Science is a subject best learned by doing.
This is the philosophy of Salmon Arm Secondary science teacher Dave Ramsay, who has won School District #83 board approval for a new environmental science course that will focus on the Shuswap Watershed.
The eight-credit course provides four credits each in Environmental Science 11 and Civics 11 and is designed to engage students in the science using a hands-on approach.
“We’re going to teach the science, but use the Shuswap as our text book, and the kids will be involved in all sorts of projects,” said the enthusiastic teacher two days after the board approved his pitch for the new course at the May board meeting.
And while students are discovering the science of the local watershed with a focus on sustainability, they will also learn about the structure of local government and community action and involvement from socials teacher Graham Gomme.
“This is such a great fit – not only are they learning about science and civics, they’re learning that it’s messy and complex,” Ramsay says. “It’s not like a text book: there are no answers, there’s interaction between big systems, challenges they’re not gonna know about until they get there.”
Having won board approval, Ramsay says he’ll be spending time and money getting set up for introduction of the course in September.
Funding for some of the equipment Ramsay needs will come from a $5,000 grant received from RBC last year.
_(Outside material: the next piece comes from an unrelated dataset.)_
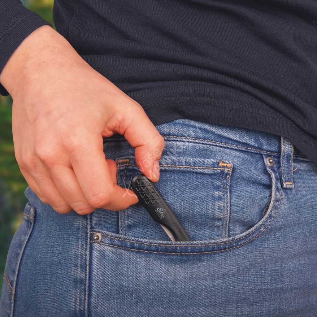 Pilník je vyroben z pružné a odolné nerezové oceli a opatřen safírovým povrchem, který je šetrný k nehtům a zajišťuje hladký a přesný výsledek. Ergonomický tvar s protiskluzovým vzorem umožňuje pohodlné a jisté držení při pilování.

When Wendy Gaudet, manager of client care at the local branch, handed over the cheque last fall, she said the proposal to make students (and the community) aware of the critical importance of water in general and the watershed in particular, was a perfect fit with the parameters set by RBC’s Blue Water Project Community Action Grant program.
Ramsay designed the course from a major curriculum project he created as part of his masters program in leadership and administration.
“I designed it in pieces to share (with other teachers) and as a whole course,” he said when RBC made their donation last fall, noting his work integrated some of the previous work accomplished by former teacher and member of the Kingfisher Interpretive Centre Kim Fulton.
“This is taking it to the next step, and every time I do a presentation on it I get the same response – excitement,” says Ramsay, who has been responsible for turning several of his former students onto the joys of science.
“I’ve got lots of students that have gone on to do geology, earth science, chemistry,” he says. “One was inspired to get a masters in resource management and is helping design the course. Another went on to geology and another is going on to earth and environmental science.”
Ramsay is thrilled the students will have the opportunity to see, feel and interact with the environment and to work outside and in the lab.
He believes the work will lead to more understanding of how and where damage is being done to the watershed and says the students will be interacting with the community and hopefully educating the general public – with good results.
“A well-educated community is educated in its own business,” says Ramsay. “We don’t know the specific business of Salmon Arm but we do know the lake and watershed is a big part of it, so we want to be educated. Education has a big role here and it should benefit our society.”
Passionate about science and the success of his students, an enthusiastic Ramsay says he’ll be in and out of the school all summer to make sure all is ready. He hopes the course will appeal to many students.
“It really fires me up seeing the kids getting hooked on science.”